Summary judgment shall be rendered forthwith if the pleadings, depositions, answers to interrogatories, written admissions, affidavits, transcripts of evidence, and written stipulations of fact, if any, timely filed in the action, show that there is no genuine issue as to any material fact and that the moving party is entitled to judgment as a matter of law.

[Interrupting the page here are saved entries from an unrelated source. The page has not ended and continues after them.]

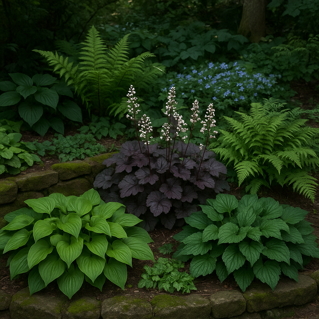 Hosty to prawdziwe królowe cienia – różnorodność odmian umożliwia dostosowanie ich koloru i wielkości do niemal każdego zakątka. Ich ozdobne liście w odcieniach zieleni, kremu i niebieskiego podkreślają aranżację cienistych rabat.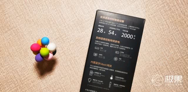 背面写满的文字又展示了这款音箱的三个功能卖点:支持语音控制小米IoT平台的2000余款智能设备、支持语音控制5000余个品牌的传统家电、内置的蓝牙Mesh网关可以让家里更多的蓝牙设备接入互联网。
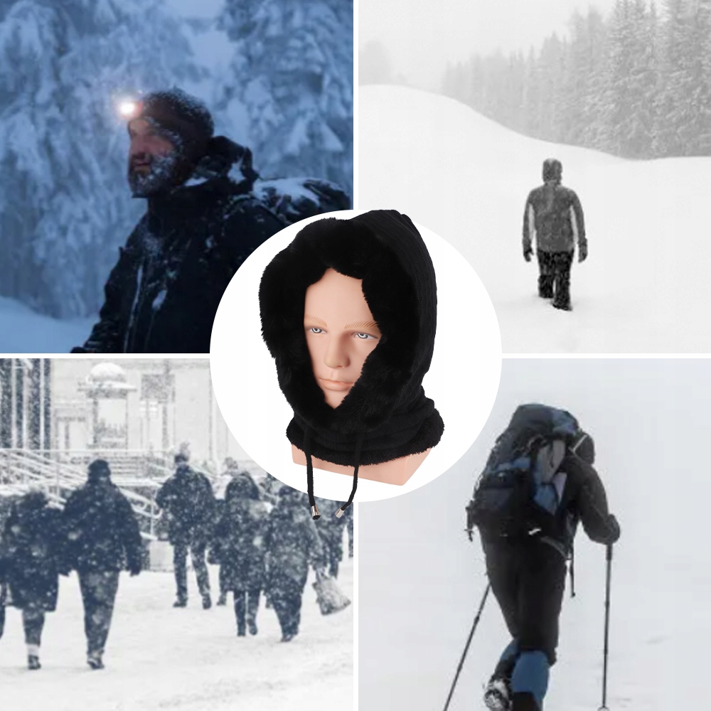 KOMINIARKA DAMSKA CZAPKA KAPTUR MASKA NA ZIMĘ CIEPŁA PLUSZOWA CZARNY
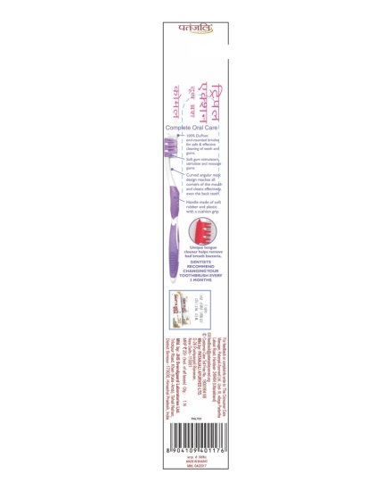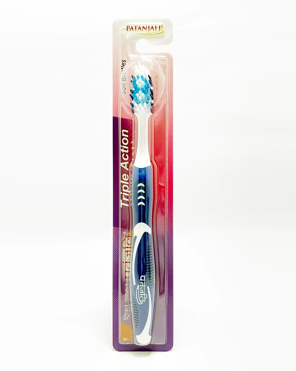 Achieve a superior clean while protecting your gums with the Patanjali Triple Action Toothbrush, now available at Nirogya Nepal. Designed with an advanced cleaning mechanism, this toothbrush features Soft Bristles that are gentle on tooth enamel and sensitive gums, yet highly effective at removing plaque and food debris. The "Triple Action" design ensures that every corner of your mouth receives professional-grade care during your daily brushing routine.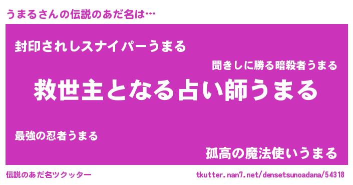| ヒーロー風カッコイイあだ名 | 『天空の使者うまる』『スーパーウマル』 |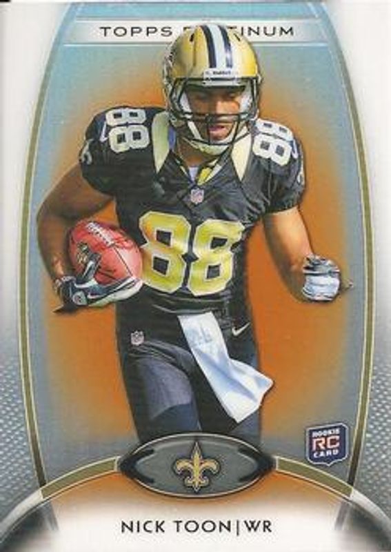 The Nick Toon 2012 Topps Platinum #123 Orange Refractor Rookie card is 1 of 37 Nick Toon's card variations in the 2012 Topps Platinum set being tracked by Sports Card Investor, including Base, Black Refractor, X-Fractor, Blue Refractor /99, and Purple Refractor /75.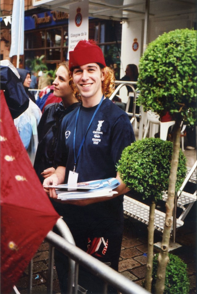 Uefa Cup final, Glasgow. 2007. Programme seller.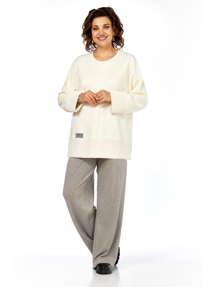 Джемпер свободного кроя. Горловина круглой формы. Рукава-реглан. В боковых швах обработаны разрезы. Горловина, низ изделия и низ рукавов изготовлены из отделочного трикотажного полотна. В качестве отделки нашивка по переду.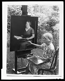 Goth applied for and received a scholarship to attend the Art Students League of New York in 1909.[11] With additional scholarships, part-time employment, and financial support from her sister, Goth continued her studies at the Art Students League for ten years.[12][13] During her stay in New York City, Goth boarded at the Three Arts Club, a residence on West Fifty-eight Street that catered to women pursuing the arts. Goth initially intended to become an illustrator, but switched to portraiture after studying with Frank DuMond, her instructor and mentor. DuMond helped influenced Goth's portraits, which broke new ground for women artists. Instead of focusing on portraits of children, which was the typical path for women portrait painters of that era, Goth made her career painting portraits of adults.[4] In addition to DuMond, Goth also studied under the direction of William Merritt Chase, Robert Aiken, George Bridgman, and F. Luis Mora while she was living in New York.[14]
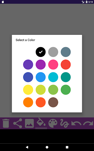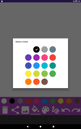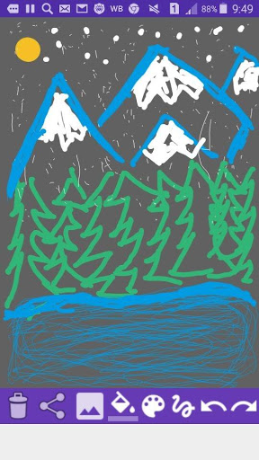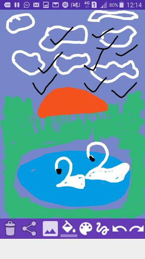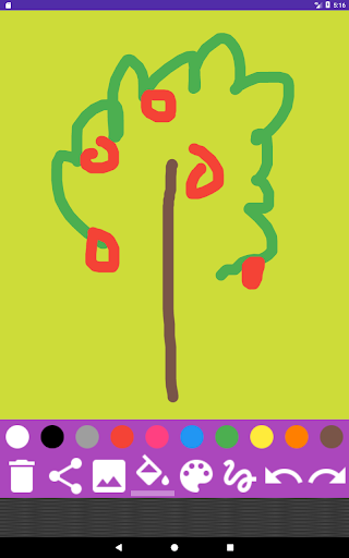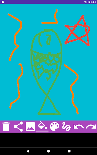 A simple set of tools – fill the background, paint brush and palette. Any action can be cancel and return back. To clear the canvas and share the picture in social networks or message. You can draw on canvas uploaded from the gallery the image or photo taken.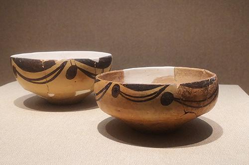 庙底沟文化彩陶一般都是在土黄色的陶器上直接用黑彩彩绘,也有少数先在陶器上装饰一层白色陶衣的。白色的陶衣经过检测,主要成分是石膏或者方解石。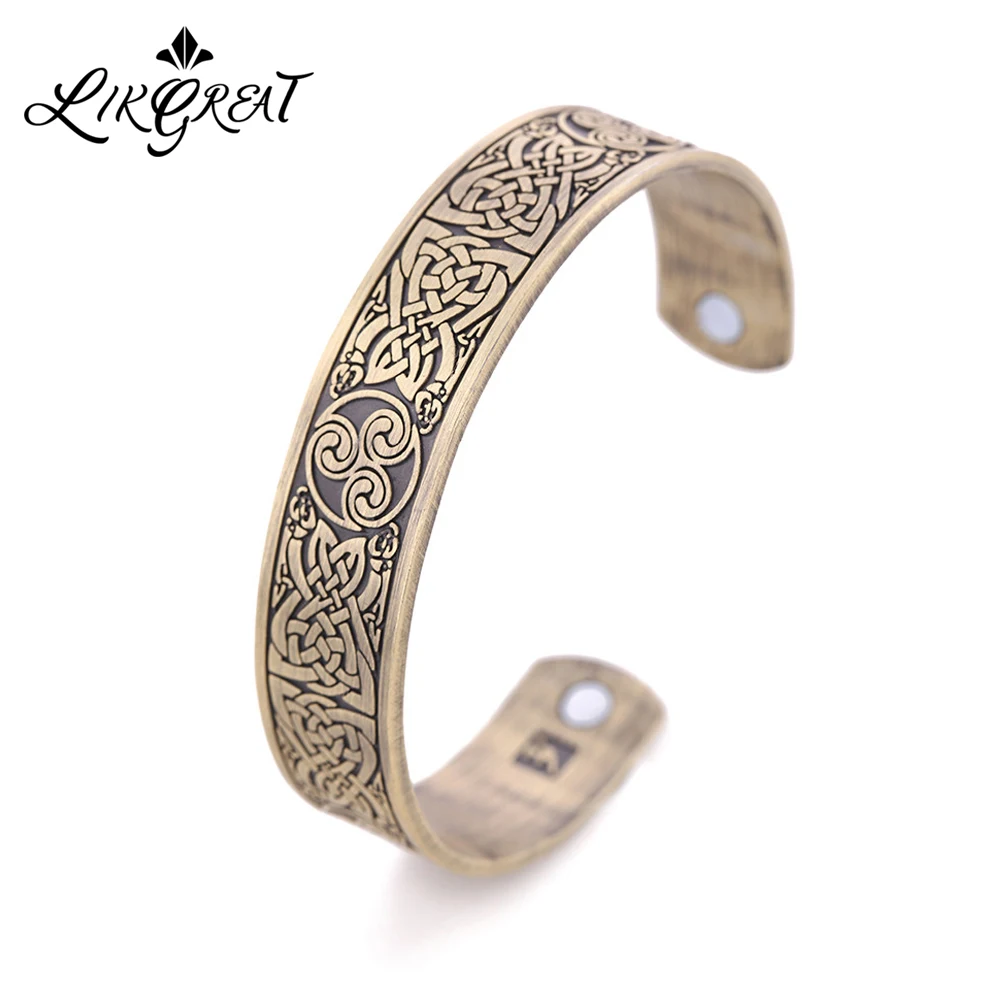 Promo LIKGREAT Triple Spiral Celtics Knot Engraved Bangle Health Care Magnetic Cuff Bracelets for Men Wom

{¶ 8} In Rose v. Ohio Dept. of Rehab. & Corr. , 173 Ohio App.3d 767 , 2007-Ohio-6184 , ¶ 18, 880 N.E.2d 508 (10th Dist.), this Court described its role in reviewing motions for summary judgment decided by trial courts:

Appellate review of summary judgment motions is de novo. Helton v. Scioto Cty. Bd. of Commrs. (1997), 123 Ohio App.3d 158 , 162, 703 N.E.2d 841 . When reviewing a trial court's decision granting summary judgment, we conduct an independent review of the record, and the appellate court "stands in the shoes of the trial court." Mergenthal v. Star Banc Corp. (1997), 122 Ohio App.3d 100 , 103, 701 N.E.2d 383 .

{¶ 9} When reviewing an appeal of an order granting a motion for summary judgment, this Court uses the same standard of review as the trial court. Freeman v. Brooks , 154 Ohio App.3d 371 , 2003-Ohio-4814 , ¶ 6, 797 N.E.2d 520 (10th Dist.), citing Maust v. Bank One Columbus, N.A. , 83 Ohio App.3d 103 , 107, 614 N.E.2d 765 (10th Dist.1992), jurisdictional motion overruled , 66 Ohio St.3d 1488 , 612 N.E.2d 1244 (1993). To prevail on a motion for summary judgment, the moving party must demonstrate that, when the evidence is construed most strongly in favor of the nonmoving party, no genuine issue of material fact remains to be litigated and that the moving party is entitled to judgment as a matter of law. Civ.R. 56(C) ; Harless v. Willis Day Warehousing Co. , 54 Ohio St.2d 64 , 375 N.E.2d 46 (1978).